Oku bakalım senin bu şiirin hangi guruba giriyor?
Sen cevabını bulamazsan bana sor söyleyeceğim!
Nasılmı?
Şiir öyle olmalıdırki bir örnekle izah edeyim.
Mavi şairler;
Çay(Şiir) kaynatırlar,demlerler,şekerini atar ve tiryakiye sunarlar,bunlar zayıf şairlerdir.
Kırmızı Şairler; şekeri atmadan veriri ama yanına şekeri koyar,dileyen dilediği gibi şeker atar ve çayını yudumlar.
Turuncu Şairler;çaydanlıgı yanına koyar belki açık içiyordur yahut demli.Bunu tiryakiye bırakırlar bu da bir tarzdır.
Siyah Şairler;
Sıcak suyu hazırlar,yanına çay paketini koyar,oralet koyar ve hatta kahve koyar ve bir çok çeşit de ekleyebilir,tiryakinin önüne koyar.Bu çok başarılı şairlerin işidir.

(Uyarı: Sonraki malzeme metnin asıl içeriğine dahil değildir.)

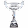 Item Description: 15 x 10-1/2 inch Optical Cut Crystal Elegant trophy cup. Comes with blue velour deluxe presentation box.

Hele bir de ustatlar vardır.
Beyaz Şairler;
Tiryakinin yanına su,ısıtmak için tüp,çay,ve daha bir çok soguk içeçek ve Yemek yapabilmesi için gerekli malzemeleride koyarki tiryaki karnını doyursun sonrasında çay veya başka bir şey içebilsin.İşte bu!büyük ustatların işidir.
Umarım dostum şiir okuyucusuna yani tiryakiye son anlattıgım malzemeleri(yani şiiri) sunabiliriz.
Umarım çaya şeker atıp uzatmazsın;
Belki tiryaki tek şekerli içer veya benim gibi şekersiz içiyordur.
Anlayışına ve hoş görüne sıgınarak dostum yazdım.
Umarım kayda değer bulur ve şiirleirinle yücelirsin.Bu yorumu .İnş diğer şiir dostlarınada ulaştıracagım.
Başarılarılarının devamını diliyorum.
Tebrikler suçlu şaire...
Bir gerçek şudur ki; Hanım şairler daha bir içten daha bir duygulu yazıyorlar. Hissettiklerini yazmak, yazmayı hissetmektir.
Kutluyorum sizi.
Gün dönüyor, elmas bir yaz sabahını çağrıştırıyor her şey...
Güzel şiir...
Tebrikler ...!
açıp baksam kaçıverecekti
kirpiklerimle sarıldım hayaline...
Çok tatlı masumane ve de harika.Kutlarım Selma hanım.